Die mehreren Tausend Besucher, die Samstag und Sonntag in den Schlosspark kamen, sahen beispielsweise, wie sich der Mensch in der präcomputerisierten Ära die Zeit vertrieb. Etwa mit Spielen wie dem, das zwei Frauen in Holzschuhen ausprobierten: Eine Mischung aus Kegeln und Boule, es ging darum, mit einem Holzklotz Spielfiguren des Gegners umzuschmeißen. Und wenn es um Freizeitvergnügungen dieser Epoche geht, dürfen Ritterturniere natürlich nicht fehlen. Die waren neu im Programm des Mittelalter-Spektakels und lockten viele Zuschauer an. Je zweimal an beiden Tag führten Männer hoch zu Ross und eingepackt in Rüstungen vor, dass die Käbbeleien mit der Lanze damals bestimmt keine Kuschelveranstaltungen waren.
Der gesamte Schlosspark war für das Spektakel abgesperrt worden. Gut 100 Zelte waren um den alten Adelssitz herum drapiert, und in den Zelten saßen Leute in traditioneller Tracht und machten, was man im Mittelalter halt so machte: schmieden und spielen, kochen und klönen. Die gewandeten Männer und Frauen waren Mittelalter-Fans aus ganz Deutschland, die ihre Wochenenden nicht in Schrebergarten oder Stadion, sondern auf historischen Jahrmärkten verbringen. Menschen wie Thorsten Prang: Montags bis freitags betreibt er eine Schmiede- und Metallgestaltungswerkstatt in Zeuthen bei Berlin, in seiner Freizeit tingelt er über die Märkte in Halle, Neuss oder eben Herne und zeigt, wie man Werkzeuge und Schwerter früher hergestellt hat. Prang bleibt stets in seiner Rolle. Nein, eine Visitenkarte habe er nicht, sagte der Brandenburger im heimatlichem Idiom, wohl aber eine „Niederschrift“ seines Namens und seiner Adresse.
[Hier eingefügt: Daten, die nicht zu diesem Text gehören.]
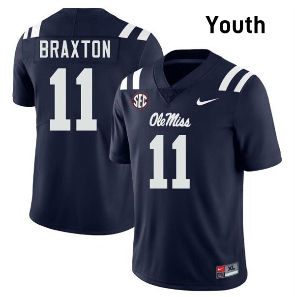 • Youth Jaylon Braxton Navy Ole Miss #11 2025 Jerseys

Auf der Bühne, dort, wo vor zwei Wochen noch SPD-Mann Guntram Schneider gesprochen hatte, spielte nun die Band The Sandsacks. In ihren Kelly-Family-Klamotten sahen sie durchaus mittelalterlich aus, die Dudelsack-Musik wirkte indes eher schottisch. Nachgefragt beim Fachmann: Jan-Willem Kühr von der Firma Miroque verkauft CDs mit historischer Musik. Was The Sandsacks spielten, sei zwar mittelalterlich angehaucht, aber nicht wirklich authentisch: „Diese Dudelsäcke sind eine Erfindung der 80er-Jahre.“ Die Menschen im 15. Jahrhundert waren durchaus Partymäuse, sagte Kühr. „Sie hatten zwar wenig Zeit, weil sie sieben Tage die Woche arbeiten mussten. Aber wenn, dann haben sie sehr heftig gefeiert. Der Tod war damals allgegenwärtig, sie haben immer damit gerechnet, dass am nächsten Tag alles vorbei sein könnte.“
Herne, Stadt der Ritterfans: Zum fünften Mal fand das Spektakel an der Emscher statt, Herne hat sich zu einem Favoriten unter den Mittelaltermärkten gemausert. Einen „Spitzenplatz“ bescheinigte Henri Bibow von der sächsischen Veranstalteragentur „Sündenfrei“ dem Spektakel im deutschlandweiten Vergleich. „Wo hat man schon ein Schloss, Grachten und grüne Wiesen drum herum?“ Ganz so grün dürften die Wiesen jetzt allerdings nicht mehr sein: Gerade dort, wo die Ritterspiele stattfanden, erinnerte der Boden nachher eher an einen großen Trampelpfad.